* **Task statement**
Pictures aside, repeat the listing below exactly.

* **Data provided**
+++

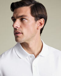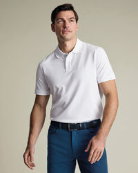 Polo en piqué - Blanchttps://www.charlestyrwhitt.com/on/demandware.static/-/Sites-ctshirts-master/default/dw59502529/JEP/JEP0459WHT/JEP0459WHT_MODEL_FRONT_01.jpgJEP0459WHTCe polo est aussi performant que vous. Le coton respirant légèrement extensible vous offre une liberté de mouvement optimale, tandis que la nouvelle patte de boutonnage à deux boutons, les bordures côtelées et les soufflets latéraux lui apportent de la tenue, pour un look moderne et décontracté.
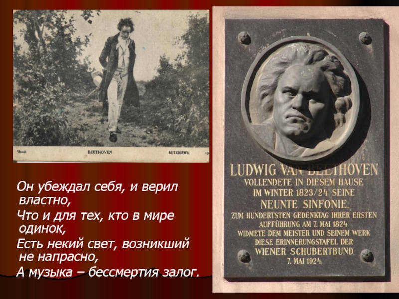 И Бетховен остаётся верен своему жизненному девизу: «От тьмы – к свету, через борьбу - к победе!» Музыка Бетховена учит нас преодолевать любые жизненные препятствия.
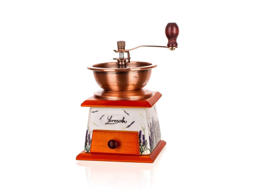 Ruční mlýnek na kávu s keramickým mechanismem, dekorované keramické tělo s dřevěnými doplňky a kovovou násypkou, keramickou mlecí mechaniku lze nastavit na požadovanou hrubost mletí.- Délka (cm): 11,5
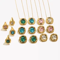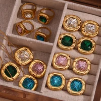 E.B.belle Round Square Flower Zircon Earrings Necklace Ring Tarnish Free Stainless Steel Women's Ring 18K Gold Plated Jewelry

+++

* **Solution**
 Polo en piqué - Blanchttps://www.charlestyrwhitt.com/on/demandware.static/-/Sites-ctshirts-master/default/dw59502529/JEP/JEP0459WHT/JEP0459WHT_MODEL_FRONT_01.jpgJEP0459WHTCe polo est aussi performant que vous. Le coton respirant légèrement extensible vous offre une liberté de mouvement optimale, tandis que la nouvelle patte de boutonnage à deux boutons, les bordures côtelées et les soufflets latéraux lui apportent de la tenue, pour un look moderne et décontracté.
 И Бетховен остаётся верен своему жизненному девизу: «От тьмы – к свету, через борьбу - к победе!» Музыка Бетховена учит нас преодолевать любые жизненные препятствия.
 Ruční mlýnek na kávu s keramickým mechanismem, dekorované keramické tělo s dřevěnými doplňky a kovovou násypkou, keramickou mlecí mechaniku lze nastavit na požadovanou hrubost mletí.- Délka (cm): 11,5
 E.B.belle Round Square Flower Zircon Earrings Necklace Ring Tarnish Free Stainless Steel Women's Ring 18K Gold Plated Jewelry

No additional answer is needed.